*Directions:* Beginning with the line that contains "Apply at Mehboob" and ending with the line that contains "袁曉強 張曉冬 沈翔 邱琦", reproduce the lines of the entries below exactly, omitting pictures.

*Excerpted records:*

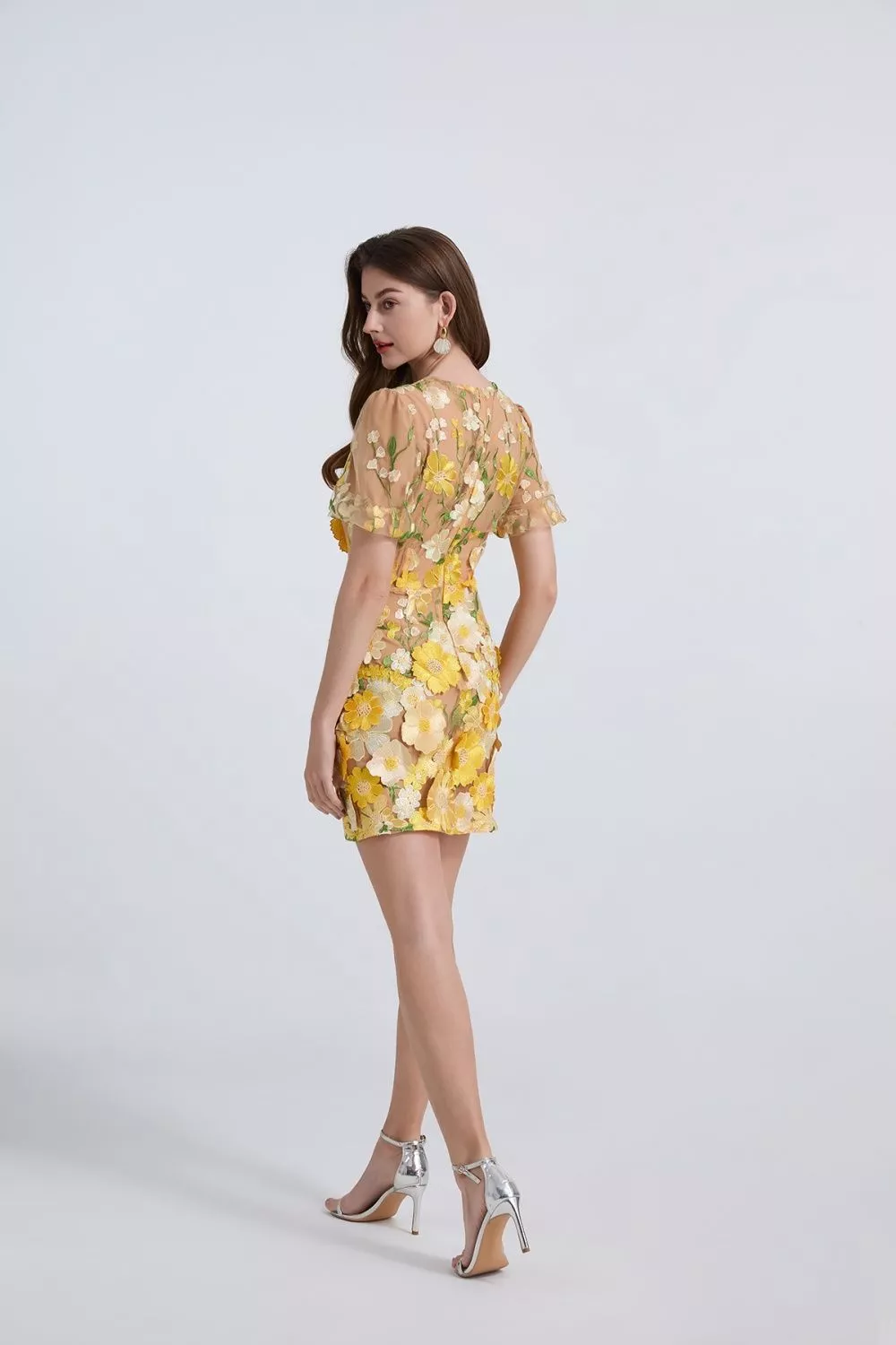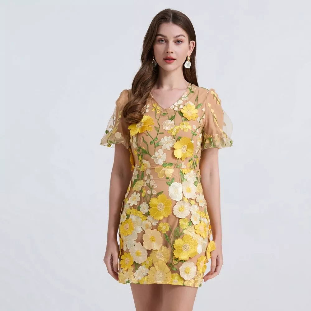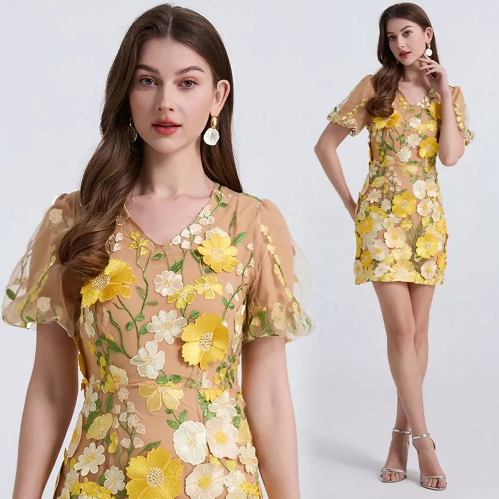 Tubino Vestito Abito Donna Elegante Manica Corta Giallo Mini Dress 39302
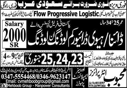 Apply at Mehboob Enterprises Overseas Employment Promoters latest Overseas jobs in Driving and departments before closing date which is around January 25, 2024 or as per closing date in newspaper ad. Read complete ad online to know how to apply on latest Mehboob Enterprises Overseas Employment Promoters job opportunities. Learn today skills like English (UK) and Driving to apply confidently on these Mehboob Enterprises Overseas Employment Promoters jobs. Salary varies from 152000. Earn more by overtime. Employer provides transport, medical and accommodation facility.
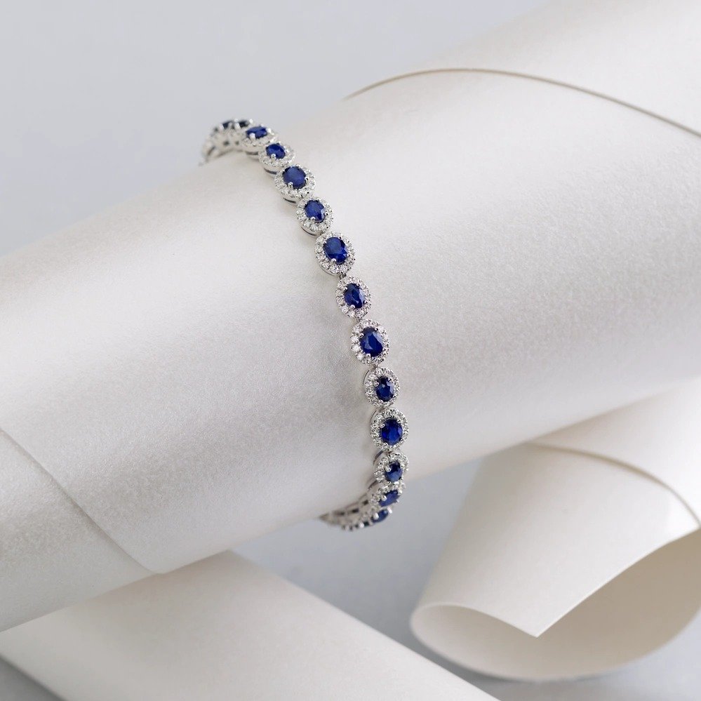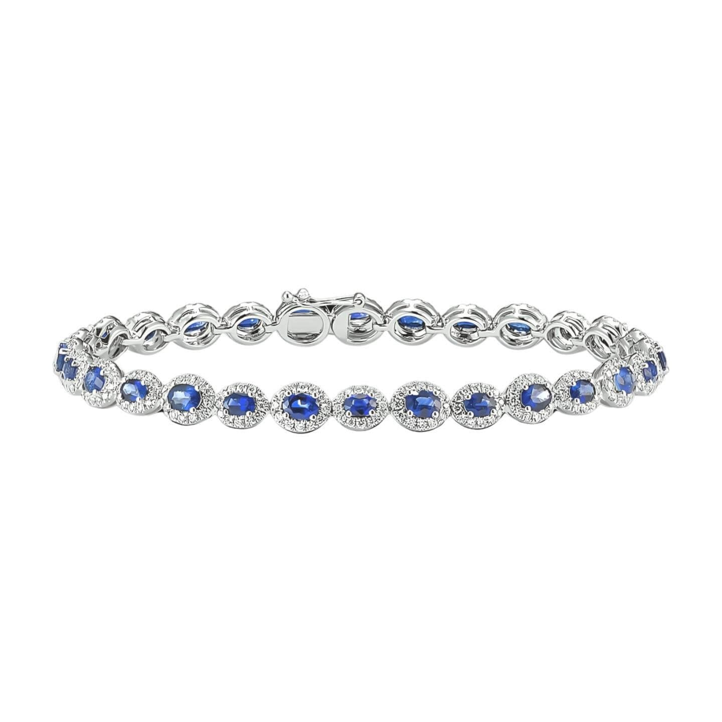 Since 1929, the Shane family have expertly crafted fine jewelry for life's most special moments. Tom Shane and his son, Rordan, uphold the legacy of being your friend in the jewelry business. The one you can trust to help you shine brighter every day. Rooted in quality craftsmanship and a fervent pursuit of the most beautiful gemstones, Shane Co. ensures your love story is in good hands. They are here for you for a lifetime, because they are in it for a lifetime. Let Shane Co. help you find jewelry that feels like you.Style notes: Each traditional blue natural sapphire in this gorgeous bracelet has its own halo of natural diamonds for a beautiful combination of color and sparkle. It’s crafted in bright 14-karat white gold with a secure box clasp and figure-eight safety latch.Price: Please note price may vary due to exchange rate differences or shipping, duties and taxes. Price may also vary with materials choice. Final price is calculated at checkout at the designer's website. Materials: 14k white gold with blue sapphire and 1.45ctw diamonds.Dimensions: 7-inch length
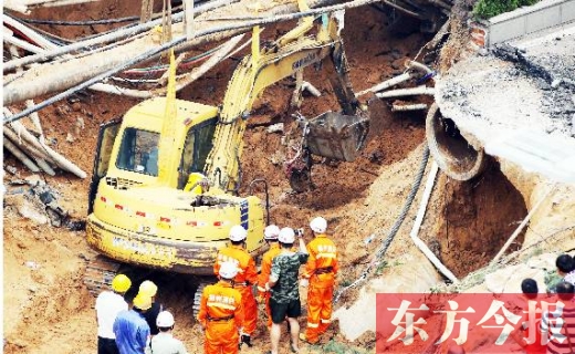 塌方發生時,一男一女被民警和熱心市民救出。目擊者稱,坑中仍有一名女士和小孩,但警方經過排查,除了名叫張帆的女士,尚未發現有人員失蹤。今報三批記者輪班蹲守現場,截至3日2時,救援在經歷了近30個小時后,尚未找到張帆。□東方今報記者 夏萍 見習記者 靳亞東 宋迎迎 攝影 首席記者 袁曉強 張曉冬 沈翔 邱琦
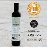 It is full of antioxidants and health beneficial properties, due to its high concentration of polyphenols, which is complying with E.E. health claim regulations for high phenolic olive oil. It has a very low acidity of around 0,1% with a beautiful intense green colour, rich, fruity and characteristically bitter and pungent flavour that balances harmoniously with the distinctive aroma of unripe Koroneiki olives.
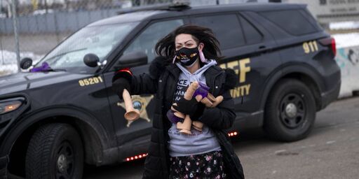 The determination in her eyes, the wind in her hair, with the police vehicle in the backdrop, the umm dildos, all make me wonder if this might one day be an iconic photograph of our times.
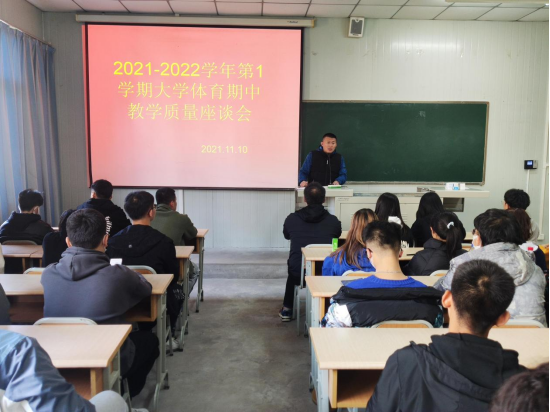 为了切实做好《大学体育》课程的教学工作,了解教学现状,科学安排教学内容,提高教学质量,促进大学体育教学改革,2021年11月10日下午2点30分,太阳集团tyc539在江南校区1028教室召开了2021—2022学年第一学期大学体育期中教学工作座谈会。太阳集团tyc539副经理郭西魁、大学体育教研室主任李强以及各二级公司体育部干事、2020级和2021级各班班长、体育委员参加了本次座谈会。会议由李强老师主持。
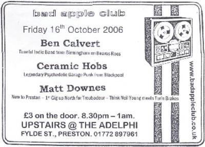 Flyer promoting a performance by Ben Calvert, Cermaic Hobs, and Matt Downes at The Adelphi on Friday 16th October 2006. An event by Bad Apple Club.
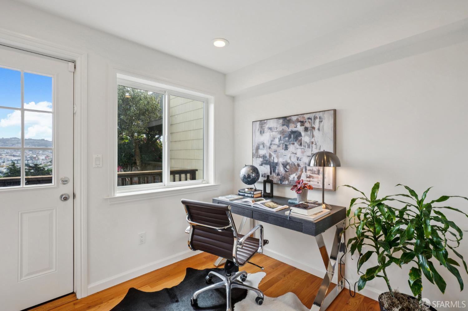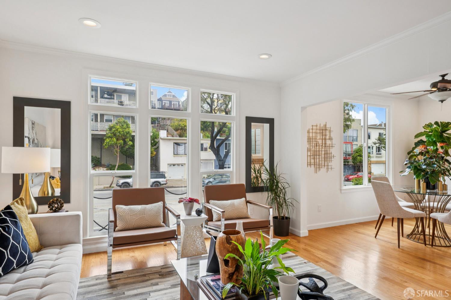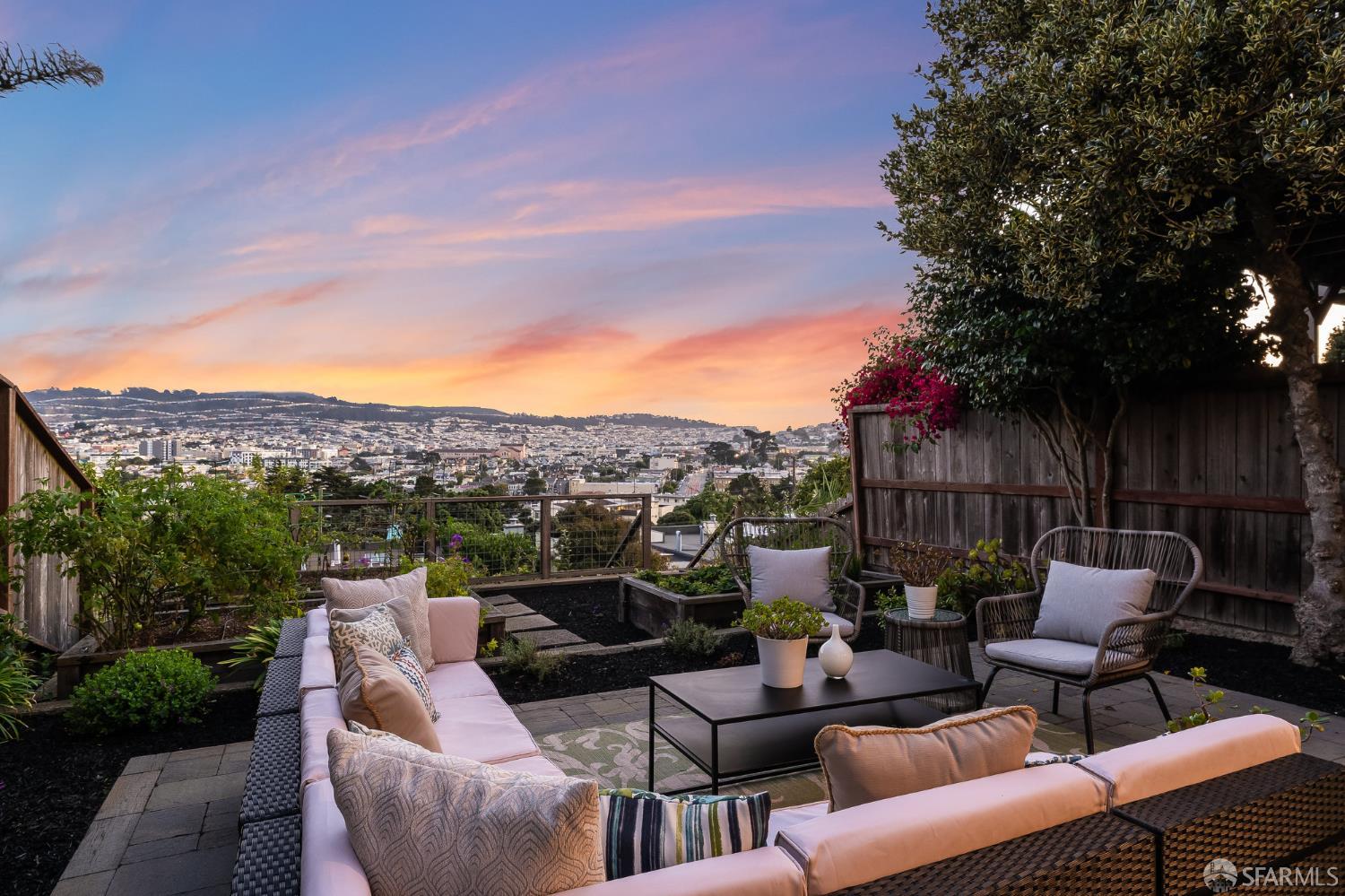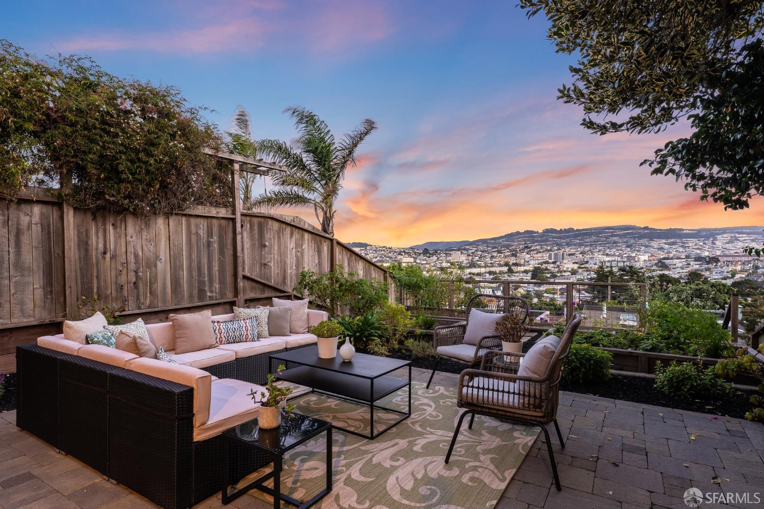 Welcome to 151 Monterey Boulevard, a charming 4 bedroom, 2 bath view home ideally located near transportation and the shops and cafes of Glen Park Village. Blending classic details with modern updates, this inviting residence offers comfort, functionality, and style. The main level showcases a spacious living room with a beautiful period fireplace. Adjacent is the dining area and an updated kitchen with stainless steel appliances, ample cabinets and counter space, ideal for everyday living and hosting. Two generous bedrooms at the rear of the home enjoy unobstructed southern views. A full bath with skylight completes this level. The lower level offers two additional bedrooms, including one with direct access to the landscaped yard. A second full bath, convenient laundry area, and interior access to the one-car garage add to the home's thoughtful layout. The lovely backyard features a large patio for entertaining, a dedicated vegetable garden, a terraced lower garden area, and southern views. Set on a sizable lot, the home provides a seamless balance of indoor and outdoor living in a desirable neighborhood setting. With its flexible floor plan, modern updates, solar, and prime location near BART, Muni, freeways, parks, and schools, 151 Monterey is a special San Francisco home.
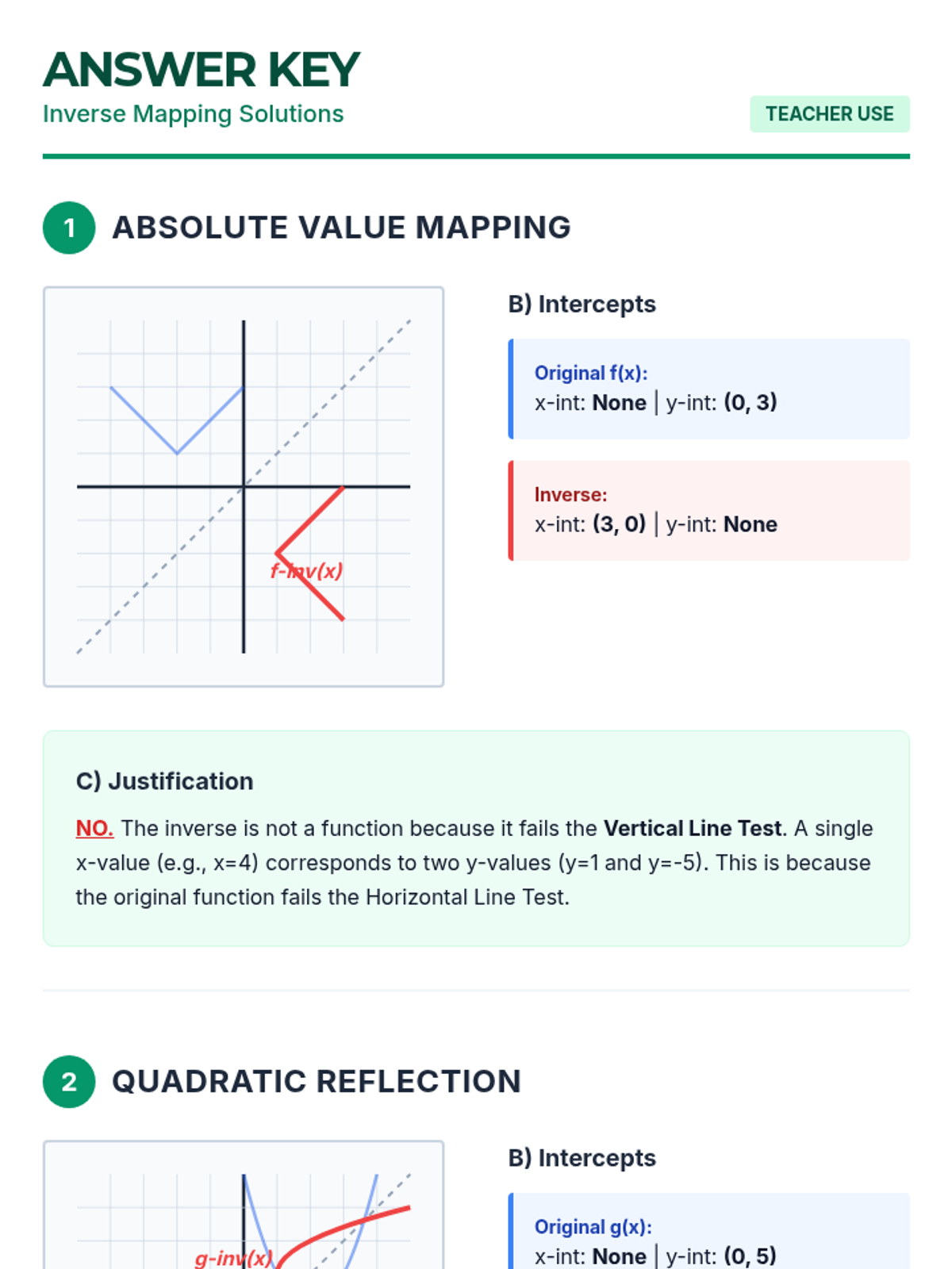Answer key for the Inverse Mapping Worksheet. Features corrected labels, enhanced line visibility, and simplified math notation for better rendering across all platforms. Adjusted for page breaks.

*Answer below:*
 Apply at Mehboob Enterprises Overseas Employment Promoters latest Overseas jobs in Driving and departments before closing date which is around January 25, 2024 or as per closing date in newspaper ad. Read complete ad online to know how to apply on latest Mehboob Enterprises Overseas Employment Promoters job opportunities. Learn today skills like English (UK) and Driving to apply confidently on these Mehboob Enterprises Overseas Employment Promoters jobs. Salary varies from 152000. Earn more by overtime. Employer provides transport, medical and accommodation facility.
 Since 1929, the Shane family have expertly crafted fine jewelry for life's most special moments. Tom Shane and his son, Rordan, uphold the legacy of being your friend in the jewelry business. The one you can trust to help you shine brighter every day. Rooted in quality craftsmanship and a fervent pursuit of the most beautiful gemstones, Shane Co. ensures your love story is in good hands. They are here for you for a lifetime, because they are in it for a lifetime. Let Shane Co. help you find jewelry that feels like you.Style notes: Each traditional blue natural sapphire in this gorgeous bracelet has its own halo of natural diamonds for a beautiful combination of color and sparkle. It’s crafted in bright 14-karat white gold with a secure box clasp and figure-eight safety latch.Price: Please note price may vary due to exchange rate differences or shipping, duties and taxes. Price may also vary with materials choice. Final price is calculated at checkout at the designer's website. Materials: 14k white gold with blue sapphire and 1.45ctw diamonds.Dimensions: 7-inch length
 塌方發生時,一男一女被民警和熱心市民救出。目擊者稱,坑中仍有一名女士和小孩,但警方經過排查,除了名叫張帆的女士,尚未發現有人員失蹤。今報三批記者輪班蹲守現場,截至3日2時,救援在經歷了近30個小時后,尚未找到張帆。□東方今報記者 夏萍 見習記者 靳亞東 宋迎迎 攝影 首席記者 袁曉強 張曉冬 沈翔 邱琦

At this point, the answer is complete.